I have structured this code so it is easy to test multiple GWASes at once, which I hope will be useful if you are testing performance of a particular method. I have also included a script, generate_submission_scripts.py, which takes as input a single config file (generate_submission_scripts_example) and will produce 3 shell scripts that cover all of the other steps in this section.

Note that template submission files are in a format appropriate for submitting a job as a task array on an UGER-based system. This should be relatively straightforward to convert to any other type of queueing system (e.g. LSF).

You will need to process your input GWAS for LDSC with their munge_sumstats.py script (see their wiki for details); this will format your GWAS data with the appropriate input columns. Here is an example command for munging our BMI summary statistics.

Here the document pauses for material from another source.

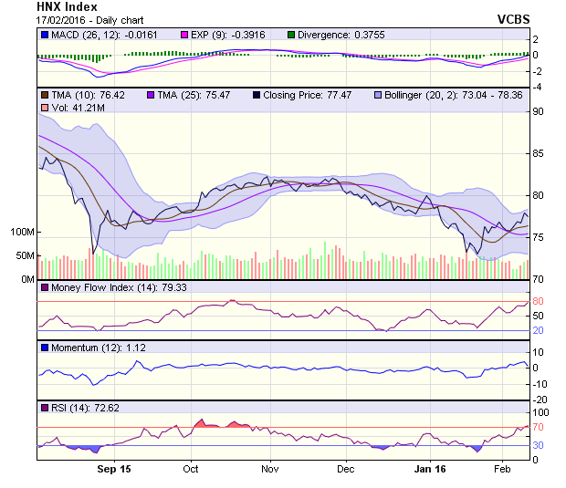 HNX-Index tăng điểm tích cực nhờ lực cầu xuất hiện trở lại tại nhiều cổ phiếu trụ cột, qua đó chính thức vượt qua được ngưỡng kháng cự 77,58 điểm, tương ứng với MA50. Các chỉ báo Stochastic Oscillator, MACD, RSI đều đang cho những tín hiệu tích cực. Chỉ số này nhiều khả năng sẽ test lại ngưỡng này trước khi chính thức bứt phá nếu như lực cầu tiếp tục duy trì tích cực.

python ldsc/munge_sumstats.py \
        --sumstats body_BMIz.sumstats.gz \
        --out body_BMIz_forLDSC.sumstats.gz \
        --merge-alleles ldsc/data/w_hm3.snplist

Another technical note to be aware of is that for the GWAS analyzed with LMM methods (e.g. BOLT-LMM), the effective N is larger than the actual N. This will not matter for any values that are normalized by overall trait h2 (e.g. normalized tau, proportion of h2 explained), but it does affect raw tau values (and of course their standard error). Note that in our manuscript, we focus exclusively on normalized tau, and we recommend others do the same; however, in the interest of thoroughness, we mention this here.

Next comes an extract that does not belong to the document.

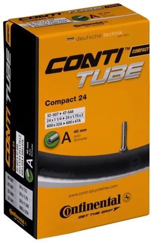 Continental Compact24 24x1,25-1,75 (32/47-507/544) DO belső gumi, AV40 (40 mm hosszú szeleppel, autós) Jó minőségű, dobozos belső gumi 24-es kerékpárokhoz. Anyaga: butyl Belső átmérő (inch) 24 Szélesség, 32 - 47mm külsőkhöz Szeleptípus AV autós Szelephossz 40mm Gyártó Continental Méretek milliméterben 32-47-507 Technológia hagyományos Csomagolás dobozos Tömlő tömege,

If you wish to analyze these values, you will need to divide them by (Neff/N). For the GWAS in our manuscript from BOLT-LMM, these values can be found in the README of https://data.broadinstitute.org/alkesgroup/UKBB. For a more detailed explanation of this issue, see the supplement of "Functional architecture of low-frequency variants highlights strength of negative selection across coding and non-coding annotations" (Gazal et al. 2018).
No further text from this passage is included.